Takashi Shimura como Kenji Watanabe em "Viver", de Akira Kurosawa

“Viver”, de Akira Kurosawa

O japonês Akira Kurosawa é um dos grandes mestres da história do cinema.

O cineasta é geralmente citado pelos seus filmes de samurai, nos quais estabelece um diálogo com o gênero clássico do faroeste americano, transpondo as características desse gênero para o universo dos samurais.

Cena do filme "Os sete samurais", de Akira Kurosawa
“Os sete samurais” (1954)

Mas a filmografia de Kurosawa não se limita a um único gênero ou tema.

Além de ter dirigido filmes de ação intensa e de proporções épicas, ele também produziu histórias mais intimistas, com um ritmo mais lento; histórias cuja ação principal acontece no interior das personagens e não no exterior.

É o caso do filme Viver, de 1952.

Uma vida não vivida

Livremente inspirado na clássica novela A morte de Ivan Illich, do escritor russo Liev Tolstói, Viver conta a história do senhor Kanji Watanabe, funcionário público que, após descobrir que está com uma doença terminal e que lhe restam apenas seis meses de vida, começa a reavaliar todas as suas ações e percebe que até então não fizera nada de significativo para ele mesmo ou para os outros.

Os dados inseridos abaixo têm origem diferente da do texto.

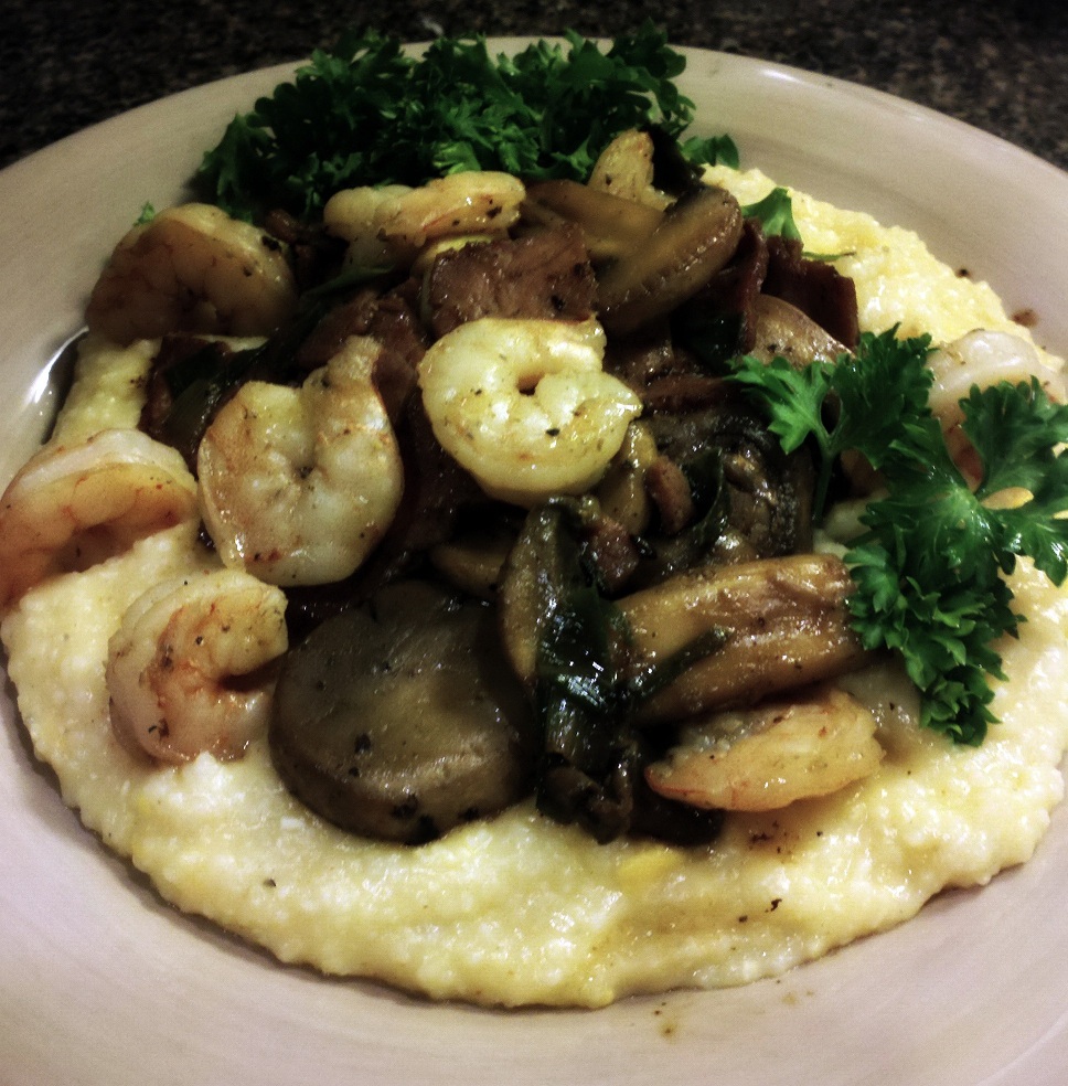 Now it's time to serve!!! Place grits in your bowl, and top with the magic shrimp mixture! Then decorate it up with some parsley!
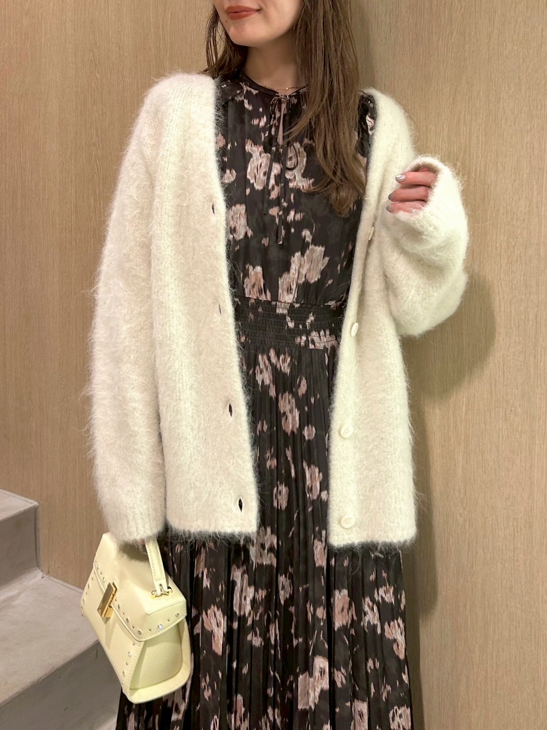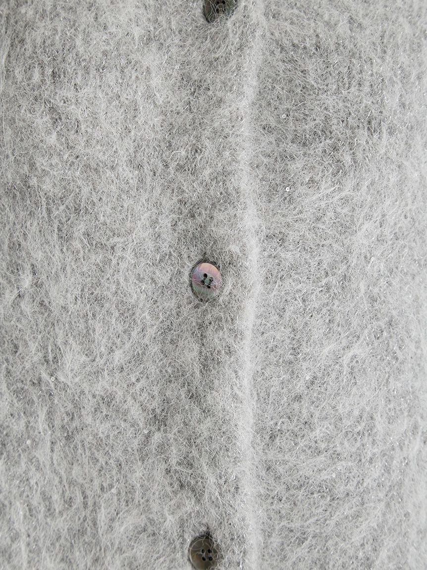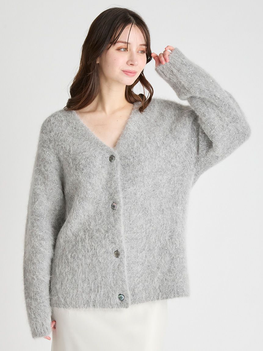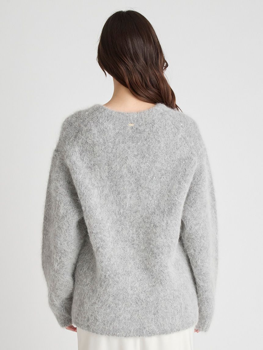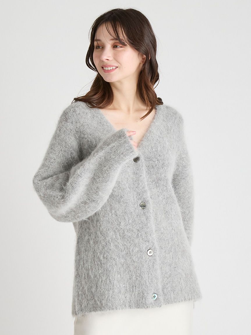 CELFORD經典中長版針織外套,今年以亮片與金線重新詮釋,為節慶季增添華麗氣息。柔軟的羊駝毛線混織迷你亮片與金線,細緻閃爍中帶出高雅質地,並以同色系貝殼釦點綴。
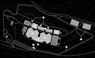 犹他州大数据中心平面示意图。①为访客控制中心,②为技术支持和行政人员的办公空间,③为数据大厅,④-⑦分别为备用发电机及燃料箱、储水和抽水设备、冷却机组及专用变电站,⑧为各类安防系统及防护措施。作者提供
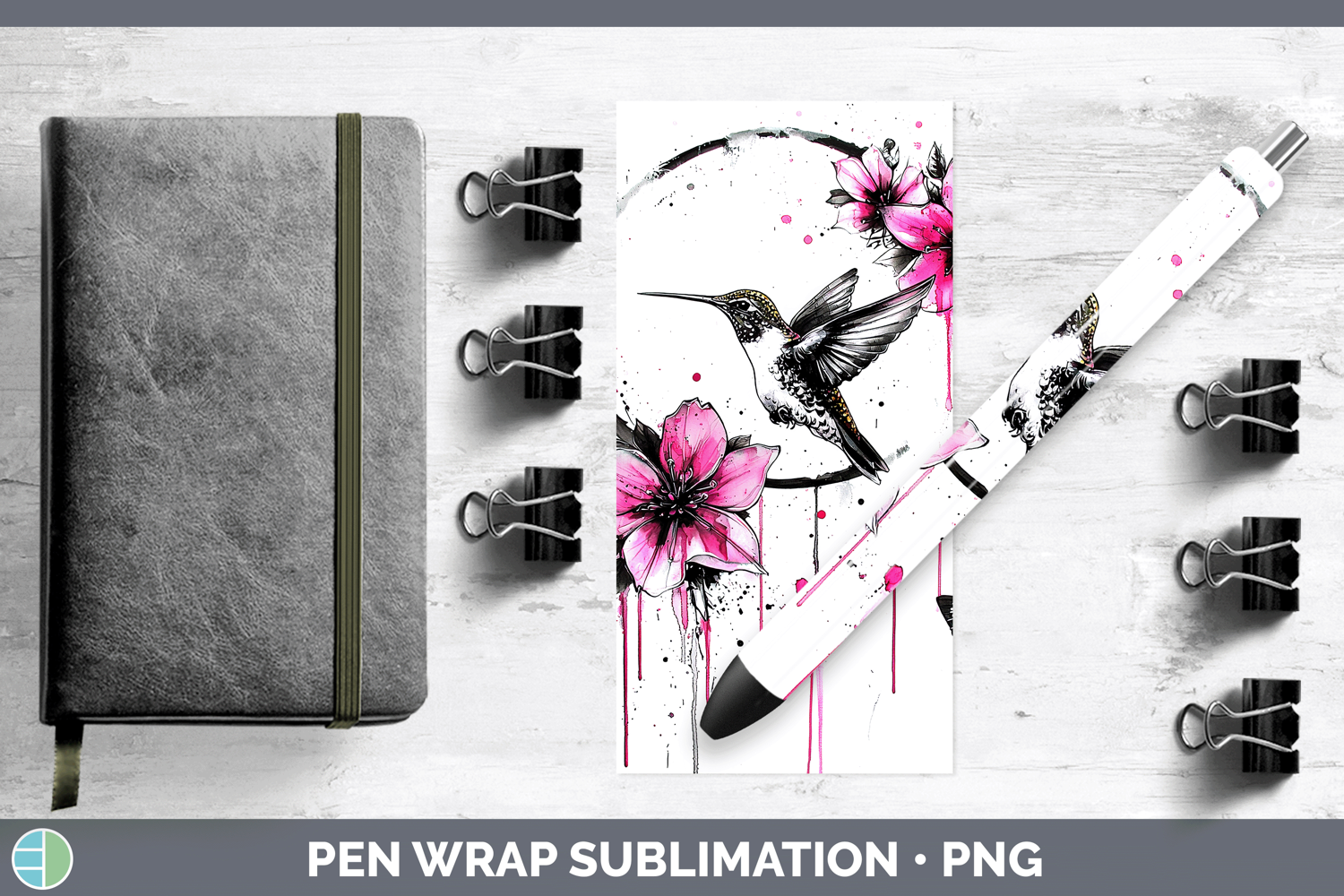 Pink Drips Hummingbird Pen Wrap Sublimation Pen Designs
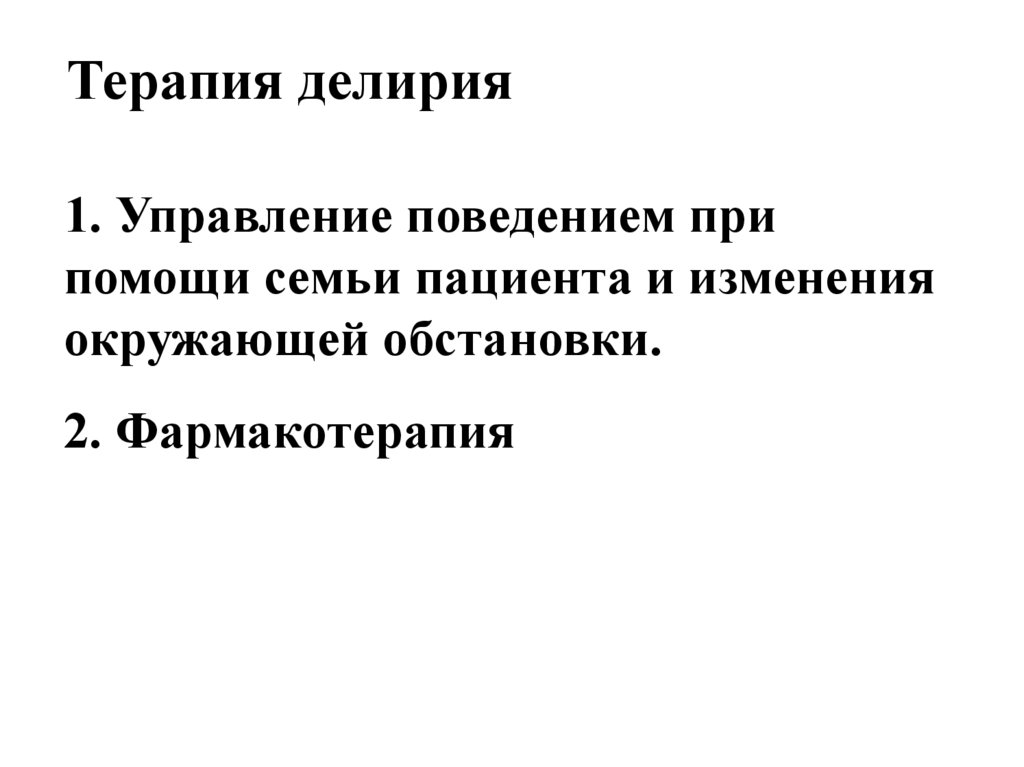 Прогноз делирияДлительность острого эпизода 19.5 +- 15.4 дней.

Na primeira imagem do filme, somos apresentados a esse protagonista, e um narrador nos introduz ao conflito da trama. Ele diz: “Esse é o senhor Watanabe. Seria enfadonho apresentá-lo, afinal, ele passa pela vida sem realmente vivê-la. Este homem está morto há mais de vinte anos”.

Cena do filme "Viver", de Akira Kurosawa
Takashi Shimura como Kanji Watanabe em Viver, de Akira Kurosawa

Embora o senhor Watanabe ainda esteja vivo, é como se ele já estivesse morto, pois há muito tempo está vivendo uma vida sem sentido. Ele ficou viúvo quando ainda era relativamente jovem e, depois da morte da sua esposa, a sua vida passou a se resumir na prática mecânica do trabalho, o que lhe fez mergulhar numa amargura cada vez maior. 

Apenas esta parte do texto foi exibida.